### DATA EXTRACT
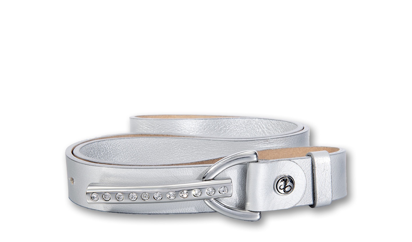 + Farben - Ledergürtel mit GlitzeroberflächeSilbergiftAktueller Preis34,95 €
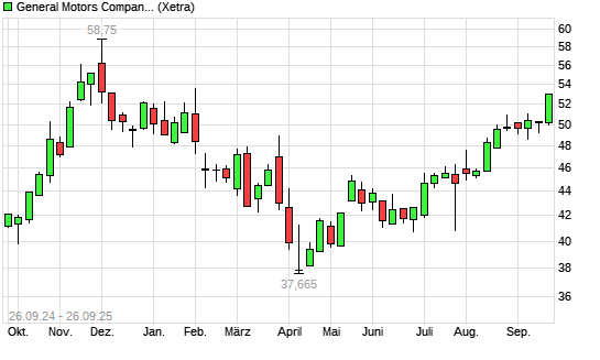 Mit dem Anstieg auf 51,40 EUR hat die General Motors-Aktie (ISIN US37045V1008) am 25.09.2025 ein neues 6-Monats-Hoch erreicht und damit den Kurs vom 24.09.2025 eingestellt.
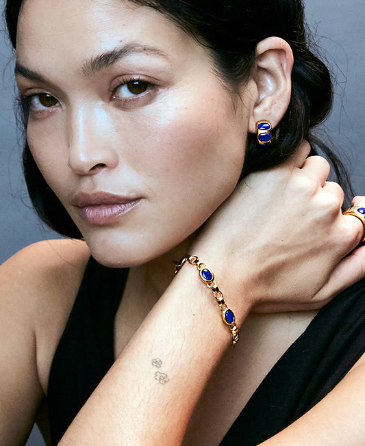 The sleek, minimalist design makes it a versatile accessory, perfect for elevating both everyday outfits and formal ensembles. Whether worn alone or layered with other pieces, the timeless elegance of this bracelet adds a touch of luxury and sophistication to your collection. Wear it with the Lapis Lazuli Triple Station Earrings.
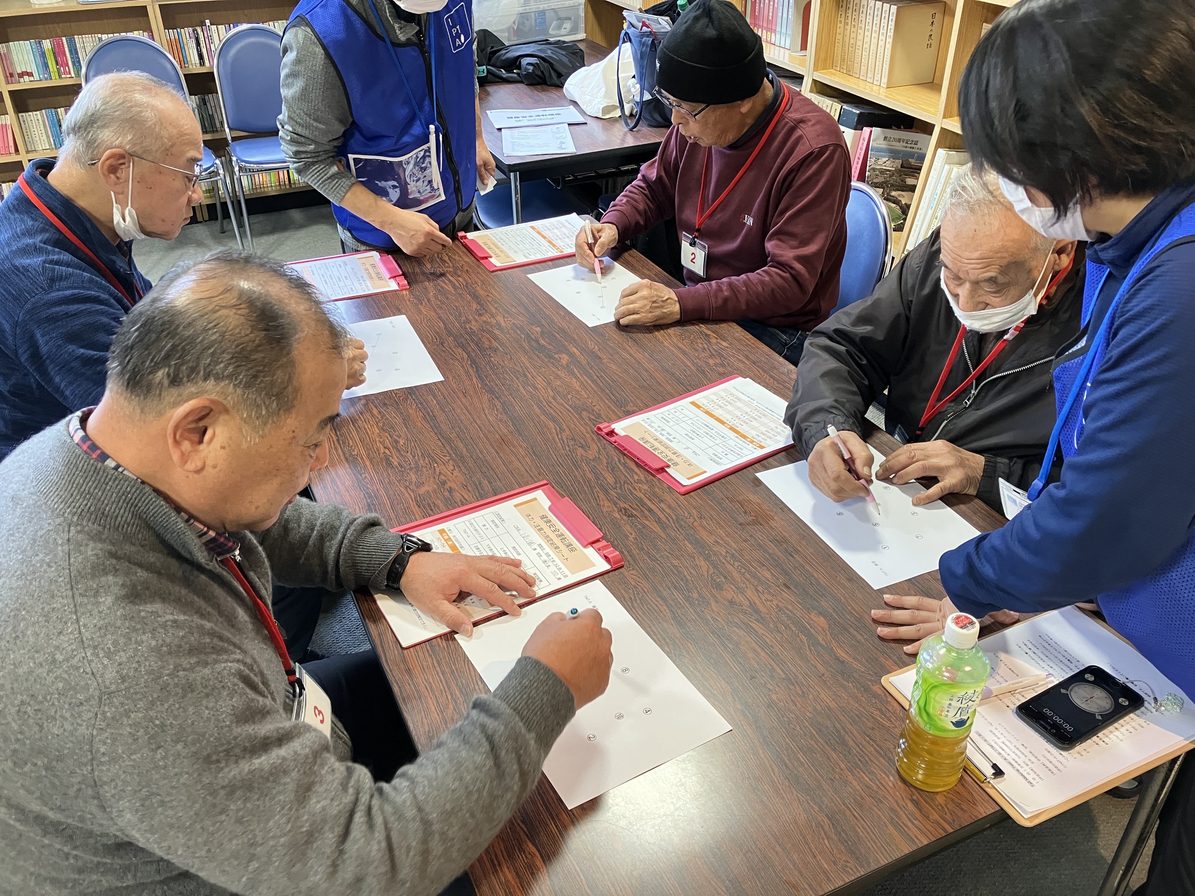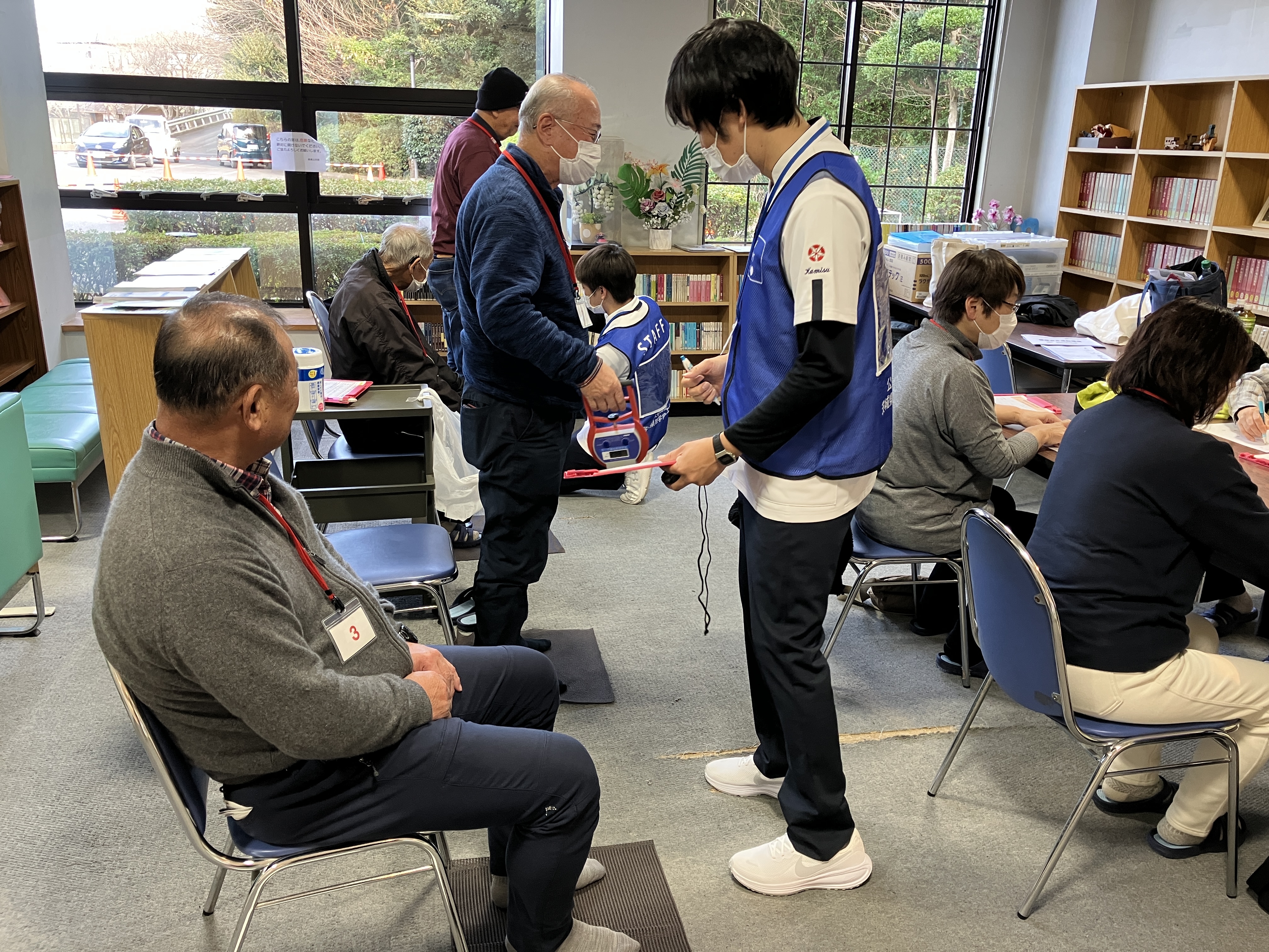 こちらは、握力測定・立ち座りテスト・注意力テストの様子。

### WORK ITEM
With the pictures removed, output the listing above exactly.

### ANSWER FOR THE TASK
 + Farben - Ledergürtel mit GlitzeroberflächeSilbergiftAktueller Preis34,95 €
 Mit dem Anstieg auf 51,40 EUR hat die General Motors-Aktie (ISIN US37045V1008) am 25.09.2025 ein neues 6-Monats-Hoch erreicht und damit den Kurs vom 24.09.2025 eingestellt.
 The sleek, minimalist design makes it a versatile accessory, perfect for elevating both everyday outfits and formal ensembles. Whether worn alone or layered with other pieces, the timeless elegance of this bracelet adds a touch of luxury and sophistication to your collection. Wear it with the Lapis Lazuli Triple Station Earrings.
 こちらは、握力測定・立ち座りテスト・注意力テストの様子。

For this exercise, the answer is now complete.